Un caso meno noto in Occidente è il tentativo di avvelenamento subito dal giornalista Kara Murza, vicino a Boris Nemtsov, ex vice premier ai tempi di Boris Eltsin, fra i principali critici del presidente Vladimir Putin, assassinato con quattro colpi di pistola alle spalle a Mosca il 27 febbraio 2015 (ne abbiamo parlato qui visto che potrebbe essere coinvolto il ceceno Ramzan Kadyrov) mentre si trovava in compagnia della sua fidanzata ucraina. La sua opera viene portata idealmente avanti dalla figlia, Zhanna Nemtsova, 37 anni, che sostiene che l’Occidente sia stato finora troppo morbido con Mosca.

I fatti risalgono due anni dopo l’assassinio di Nemtsov, quando il giornalista russo del movimento dissidente Open Russia, viene ricoverato d’urgenza in terapia intensiva ad appena 35 anni. Lo salverà un trasferimento in un ospedale estero, dove gli verrà diagnosticato l’avvelenamento da sostanza sconosciuta: l’oppositore di Putin non farà più ritorno in Russia.

NOVICHOK, LA FIRMA DEL KGB

Fece molto più scalpore il doppio tentato omicidio di Sergei Skripal, ex 007 russo e di sua figlia Yulia trovati accasciati su una panchina della città britannica di Salisbury, avvelenati con un agente nervino, il novichok che contaminò anche un poliziotto britannico che per primo prestò loro soccorso.
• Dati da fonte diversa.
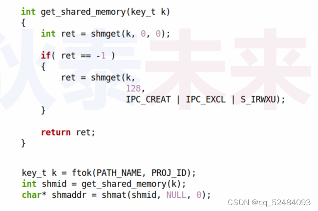 第 53 行,get_shared_memory() 函数调用了 shmget() 函数,shmget() 是一个Linux系统调用函数,用于创建一个新的共享内存段(segment)或获取一个已存在的共享内存段。这个函数会返回一个整数类型的共享内存标识符(ID),用于在后续的系统调用中引用共享内存段
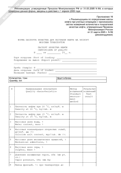 - 2581Форма паспорта качества для поставки нефти на экспорт морским транспортом (рус./англ.)
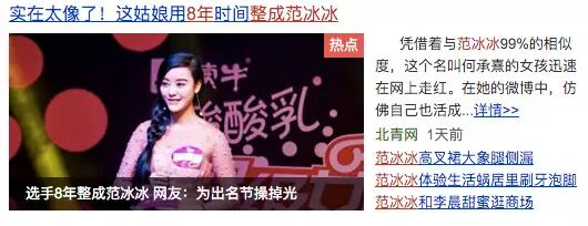 据说,她用了8年的时间,把自己整成了“范冰冰姐妹款,这一次被发现是因为在超女海选时被错认为范冰冰。
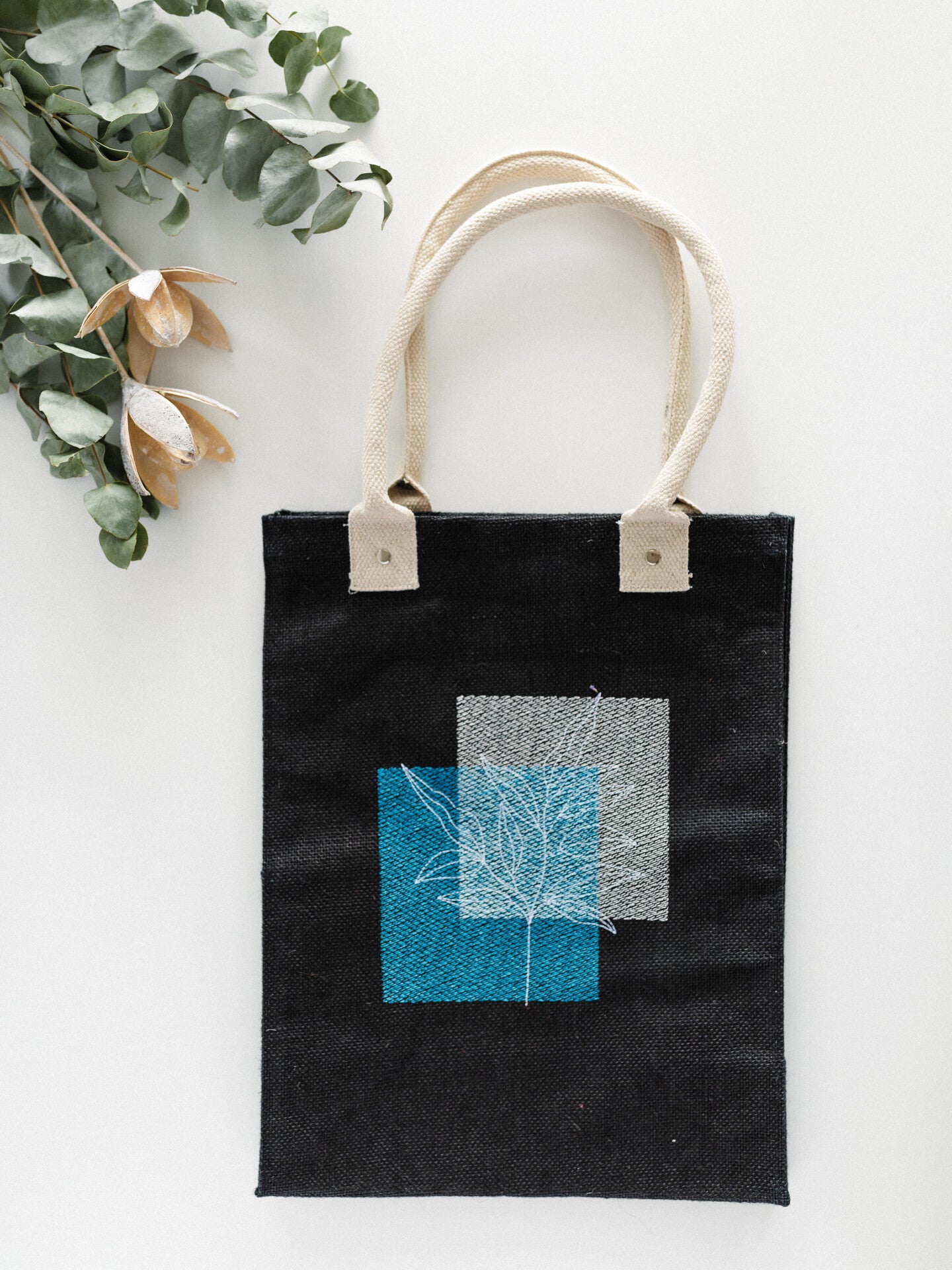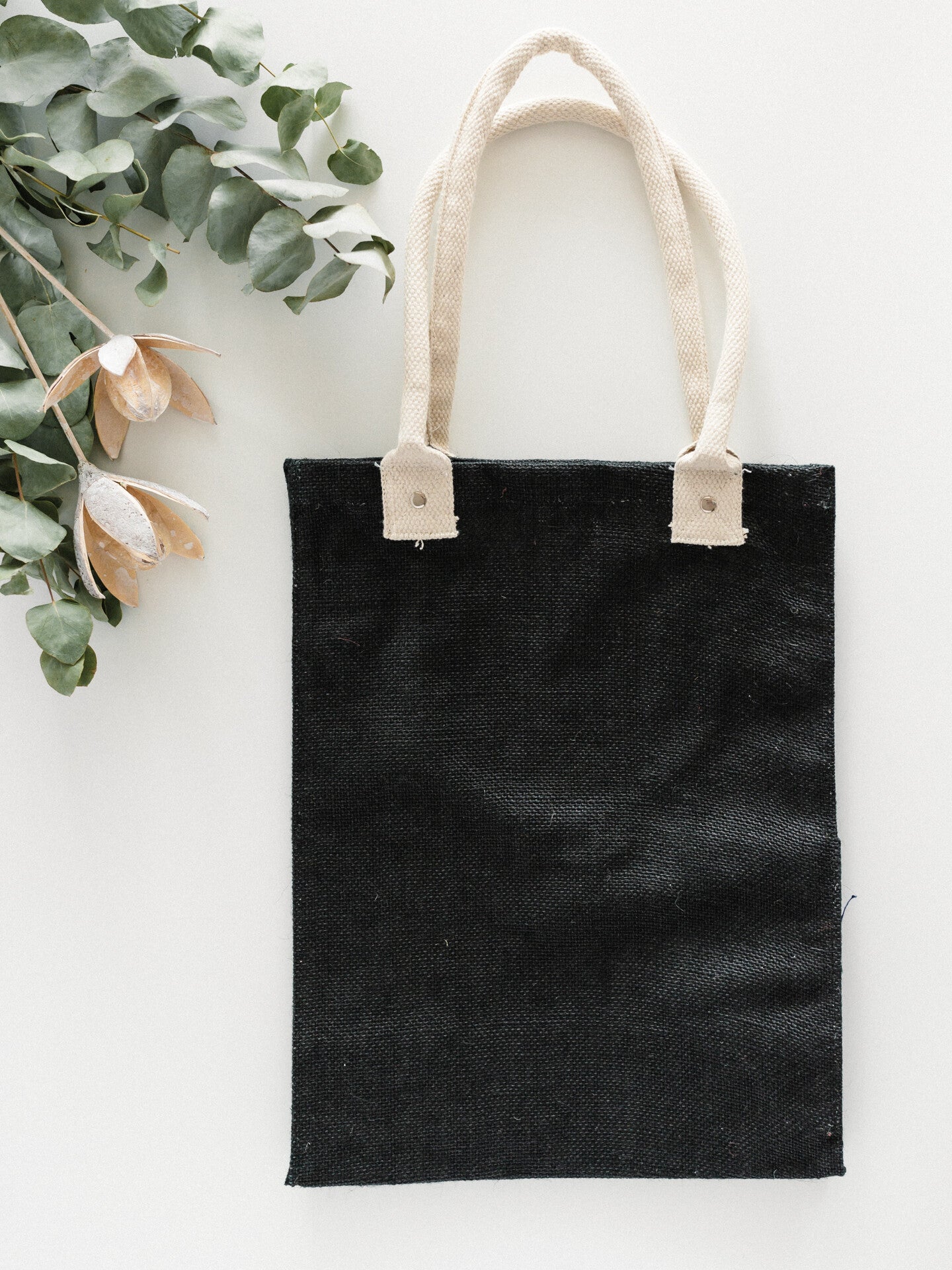 Farbige Jute-Tasche mit abgesetzen hellen Henkeln
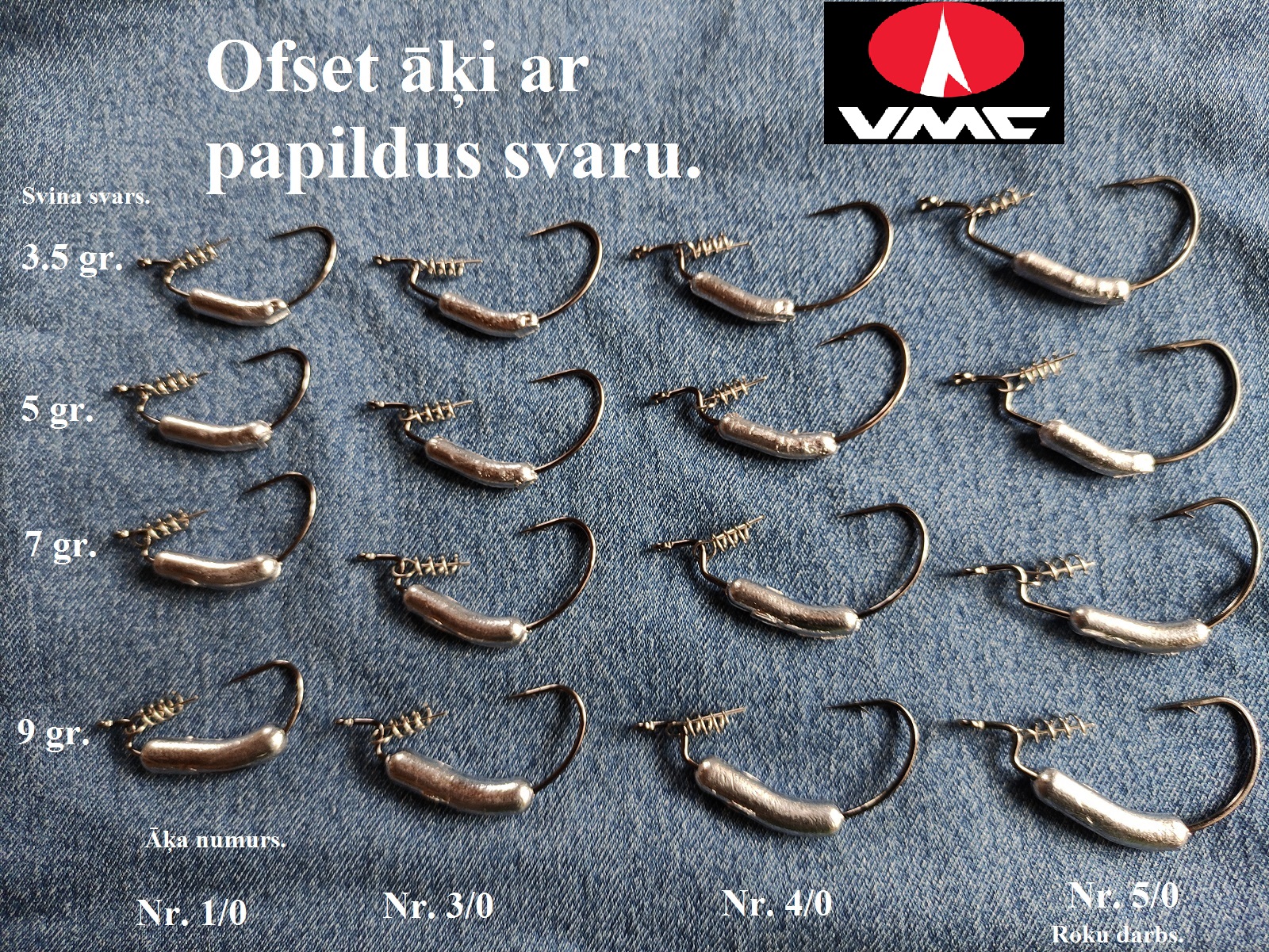 Ofsetāķis ar papildus svina atsvaru, pieejamie āķa izmēri:Nr. 1/0;nr. 3/0;nr. 4/0;nr. 5/0, svina svars:3, 5gr;5gr. ;7gr. 9gr. Arīkots ar māneklī ieskrūvējamu atsperīti. Cena visiem viena o, 60eur. gab. Pasūtīt dienu iepriekš un nopirkt var Jelgavā var nosūtīt.
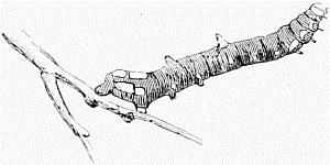 Most of the Geometer caterpillars, of which we have already spoken, are well trained in the art of deception. You are out on a caterpillar hunt, and engaged in carefully turning over the twigs of the hazel or some other shrub, so that you may the more readily examine the under surfaces of the leaves. At last you lay hold of a small broken twig for this very purpose. To your astonishment it is very soft, and readily bends between your fingers. You look more closely at this peculiar piece of stick, and find, to your surprise, that you have grasped a looper caterpillar that was standing out at an angle just like a broken twig, supported by its two pairs of claspers, and coloured and knotted exactly like the little branch on which it rested.
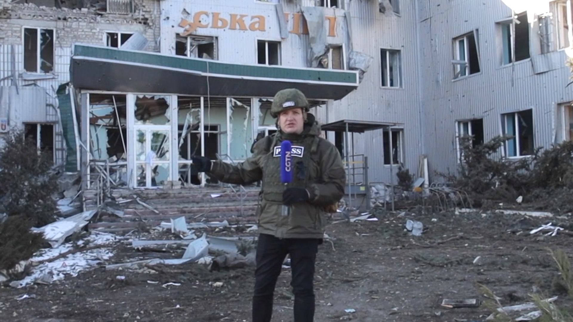 After days of intense gun battles, the small Ukrainian city of Volnovakha has been destroyed from the suburbs to downtown, the central hospital has been wrecked, the remaining residential buildings have no water, electricity or gas, and the bodies of civilians lie on the streets. CGTN correspondent Dmitriy Maslak reported from the scene.

I giornali tornarono a parlare di novichok a seguito dell’avvelenamento di un altro storico oppositore di Putin, Alexei Navalny, finito in coma nell’agosto del 2020 durante un volo da Tomsk a Mosca. L’aereo fece scalo d’emergenza a Omsk, dove il blogger fu ricoverato ormai in coma. Su pressione di Francia e Germania, Navalny fu trasportato a Berlino il 22 agosto all’ospedale la Charitè e riesce a salvarsi. Tornato in Russia nel gennaio 2021, Navalny fu subito arrestato e nuovamente condannato al carcere: questa volta la condanna è stata a nove anni e ha suscitato la ferma condanna dell’intero mondo occidentale. Si può dire che già allora Putin avesse gettato la maschera mostrando al mondo che non tollerava l’opposizione. L’Occidente, però, fingerà di accorgersene solo con l’invasione di Kiev.